Nelson (Col ’10) and Evans (Col ’09) left Charlottesville in late July on a month-long relational art project to express art by talking with people about food, how it’s grown and sustainable farming practices. Home was a 14-passenger bus powered by recycled vegetable oil and fitted with a propane stove, sink, bookshelves, bed and filing cabinet laden with seeds they planned to give away. Their project—Nourish(meant)—also was fueled by a UVA undergraduate arts award grant as well as donations from family, friends and supporters.
Nourish(meant) from UVA Magazine on Vimeo.

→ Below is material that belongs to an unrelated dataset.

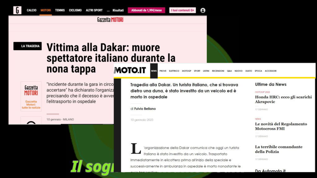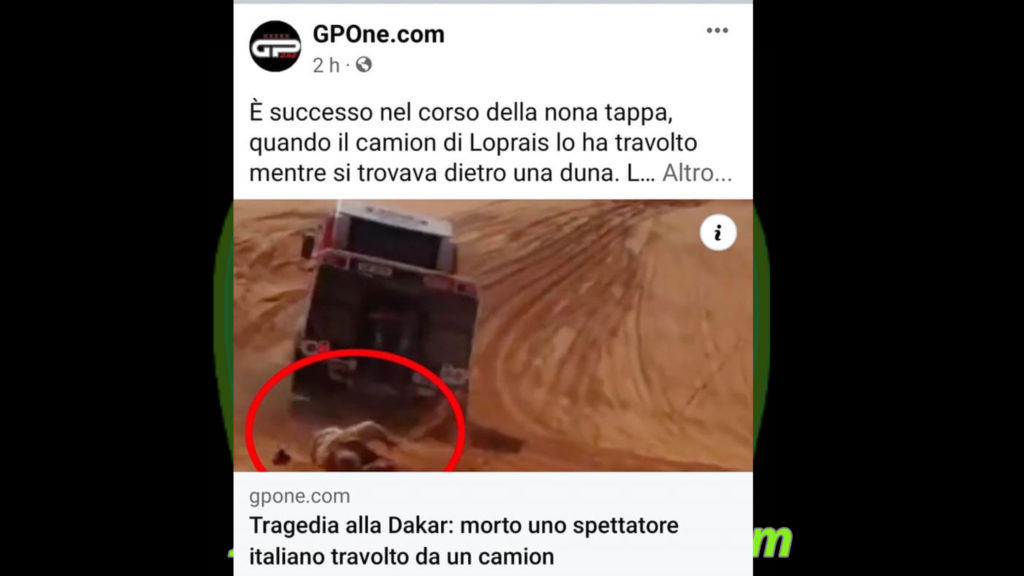 Se io leggo che durante una tappa della Dakar c’è stato un incidente mortale per uno spettatore è una notizia. Perfetto.

Their vehicle looked decidedly Woodstockian. Swirls of color, hand-painted by children, covered the sides, and the roof sported a garden in a custom-built planter box. The “magical mystery bus” feeling caught the attention of a middle-age woman working at a highway rest stop in Michigan. She asked about the project, and though Nelson and Evans were exhausted from traveling and pumping gallons of stinky recycled vegetable oil, they answered her questions.

“At the end, as she was leaving to go back to where she worked, she started crying because it meant so much to see something that to her was exciting and new but also familiar, and it was beautiful,” says Evans. “That blew us away.”

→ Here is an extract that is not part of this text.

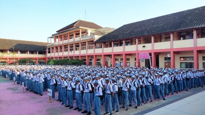 Mataram (Suara NTB) – SMKN 3 Mataram menggelar apel bendera di Lapangan SMKN 3 Mataram, pada Senin, 11 Agustus 2025. Apel kali ini cukup istimewa dengan kehadiran perwakilan dari Kapolsek Selaparang, Iptu Adiharta, yang bertindak sebagai pembina apel.
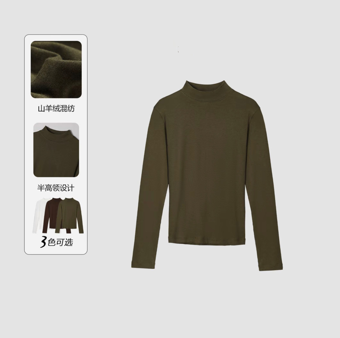 三福打底衫2025新款秋冬季保暖小中领毛衣无缝内搭上衣女装504415

That moment was an emotional high point on a tour that looped through West Virginia, Ohio, Michigan, Wisconsin, Illinois and Indiana. The pair raised eyebrows and consciousness with their seed bank, the bus’s bio-fuel engine, the onboard water recycling system and the bounty of vegetables they grew in buckets, pots and, of course, on the roof.
The idea for the project sprouted from Nelson’s experience in Spain with street artists who transformed walls and building facades into lively murals. “That changed my whole perception of art, art in the world and in people’s lives,” Nelson says.

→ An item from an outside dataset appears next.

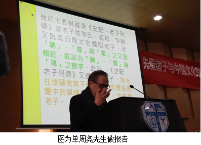 著名经学家、被誉为“香港经学第一人”的香港大学教授单周尧先生做了题为《单氏与<老子>作者问题管窥》的报告。单教授反驳了单氏家族与《老子》一书有关的观点,并通过翔实地考辩,梳理了老子作者问题的争论史,认为《老子》的作者当为老聃,司马迁《史记》的记载可信。

She loves cooking for people, so food became an objet d’art as well as an environmental issue. “I wanted to change the food system but in a really personal way.”
Their encounters ranged from chatting with individuals curious about the bus and their road-trip lifestyle to sharing food and discussing gardening, permaculture, alternative transportation and community building with throngs of people at a farmers’ market in Ohio. “The thing we did the most,” Evans says, “was bring something that was different and exciting and inspiring and adventuresome into people’s lives.”
Though Evans is now in Alaska helping relatives with a smoked salmon business, he plans to rejoin Nelson to drive the Nourish(meant) bus to Grand Rapids, Mich., for ArtPrize, an arts competition with a $250,000 first prize. Nelson, a distinguished major in the arts, also plans to use the project in her senior show, and the bus will tour Charlottesville-area neighborhoods.
Nelson is toning down the Sixties look, however.
“I don’t want to be cast as a hippie,” she says. “We’re beyond that.”